Interestingly, elements of this debate also occurred during the advent of the Industrial Age in the late 1800's. The reasons then to not embrace machinery were somewhat similar. Machines were thought to remove the human touch and craft component from furniture. Skills which had been passed down through generations of woodworkers would be lost. Victory was achieved with the advent of the Arts & Crafts movement, although this was short-lived. Eventually, the use of machinery in woodworking won the battle resulting in the further distancing of woodworkers from their traditional craft. Over 100 years of woodworking production advancements later and traditional woodworking is once again being embraced.
The reasons are similar to the repudiation of the Industrial Age with the only difference being that we are today on the cusp of full automation in production woodworking manufacturing. Developments to facilitate and expedite production are occurring at a faster pace than ever before. So, although it seems strange today to embrace traditional hand tool methods, it is more relevant in light of the possibility of forever losing a centuries old craft. Thumbs up to the many private schools dedicated to teaching traditional hand-oriented woodworking skills today. Traditional woodworking has effectively ceased to be taught in mainstream schools, fewer and fewer parents immerse themselves in woodworking to pass down to children. Some have mentioned the traditional craft of woodworking is on its death bed. Woodworking taught in schools today tends to focus on automation and heavy use of machinery. In the big picture, the resurgence of traditional woodworking methods using hand tools could not occur at a better time in history!

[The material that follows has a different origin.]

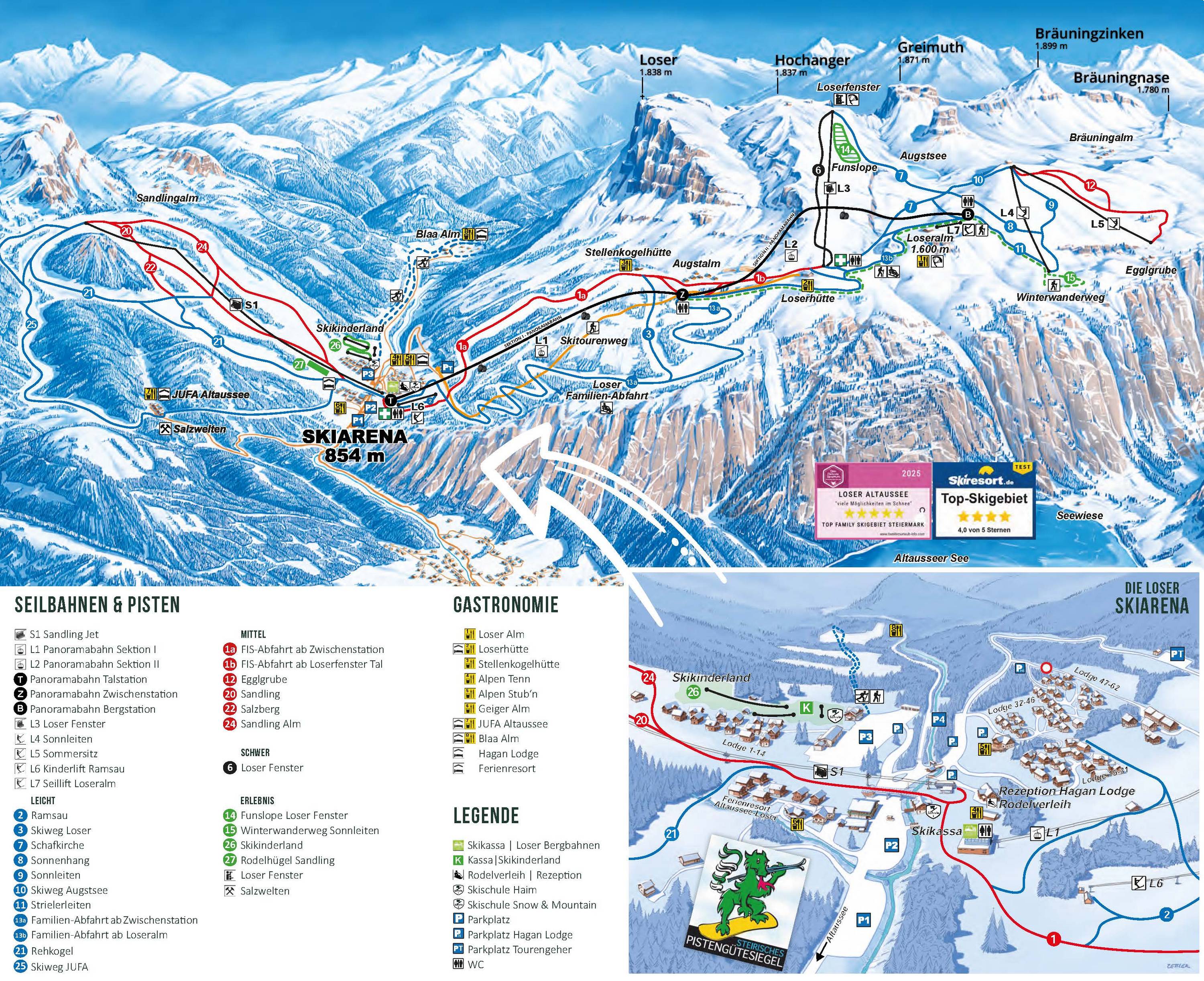 Orientierung (Pistenplan, Informationstafeln, Ausschilderung) und Sicherheit im Skigebiet Loser – Altaussee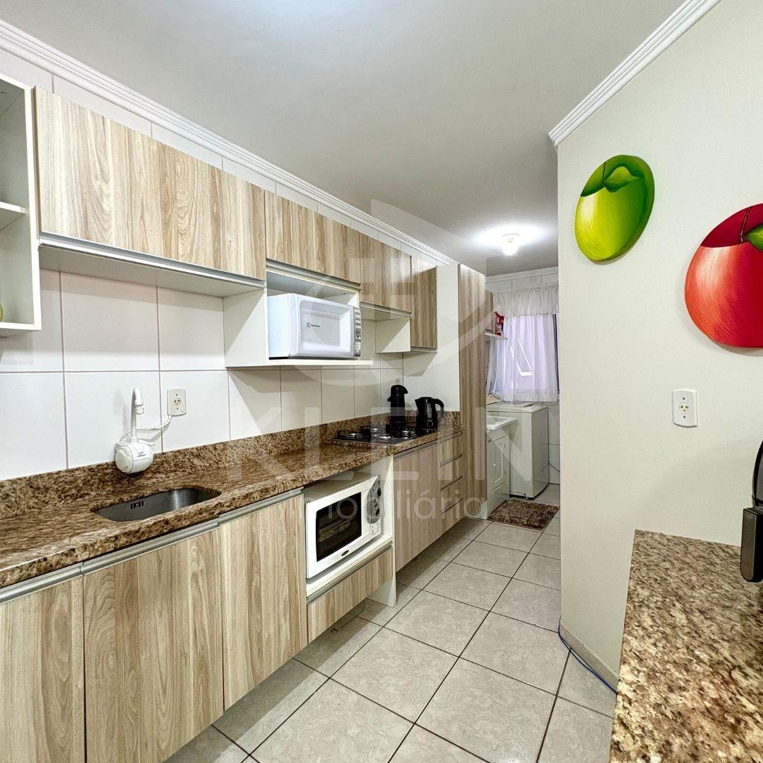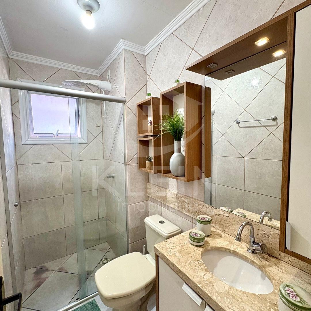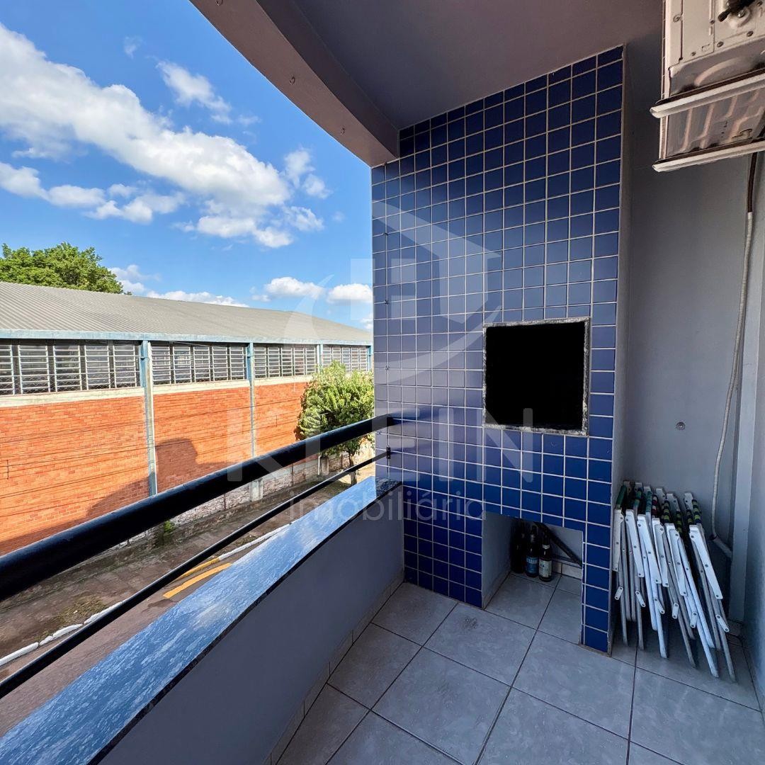 Apartamento amplo, com sala, cozinha e lavanderia integradas, sacada com churrasqueira, dois dormitórios, banheiro e box de garagem amplo.

I must admit that it can be confusing for an entry level woodworker of which path to follow today. Is their work intended to be batched out or instead created as one-offs? The larger issue becomes the processes used to achieve this goal. The use of modern technology can be enticing, where visions of machines magically create components for furniture never ceases to amaze. Machinery manufacturers are constantly upgrading their offerings to where the learning curve for CNC is rapidly diminishing. This would be at the extreme end of full automation. At the traditional end, new and often improved releases of traditional hand tools continue to occur. High quality and precisely machined hand tools are widely available today. The single most common and necessary component in the traditional, hand tool equation is the necessity to manually push or pull a hand plane, saw or chisel in order to prepare wood, smooth wood or to create joinery. So a large component of manual labor is involved.
A woodworker with many years of experience may have come to terms with the direction they wish to follow. In many cases, they embrace a quieter, less hurried form of woodworking. Their woodworking passion is better served in the enjoyment of creating a piece rather than simply achieving the end goal. Instead, somebody just starting out will perhaps wonder why today they should be performing manual tasks such as hand planing, hand sawing boards and creating joinery by hand. After all, isn't this why machinery was created, to facilitate the processing of boards used in furniture making? Hasn't the trend in industry always been to make our jobs easier and more productive? This is the dilemma facing many woodworkers today, specifically new woodworkers. I don't pretend to have a solution and can only form an opinion through many years of experience in both camps. As a former hi-tech person and convert to a quieter form of woodworking, I would much rather work with traditional, time-proven methods than to embrace the latest in machinery whose goal is to make my life easier. I too faced this dilemma and have been minimizing the use of machinery in my woodworking. In the process, I have since learned to appreciate wood as a medium and not just to use it as a means to an end. The machines I use today are effectively motorized hand tools, nothing sophisticated. This is where I draw the line.
In my studio practice, it is preferable for me to be closer to the wood and work with its characteristics and inherent beauty. Today, I use machines to prepare wood in the initial stages and perhaps to dimension it. Afterwards, all processes in my furniture making incorporate the use of hand tools. I will always seek a method to use a hand tool to perform a task before ever considering using a machine. So this is how I have come to terms with the question of maintaining traditional methods in my own work. I find this to be the best compromise in coping with an ever-increasing fast-paced, technological and production-oriented world.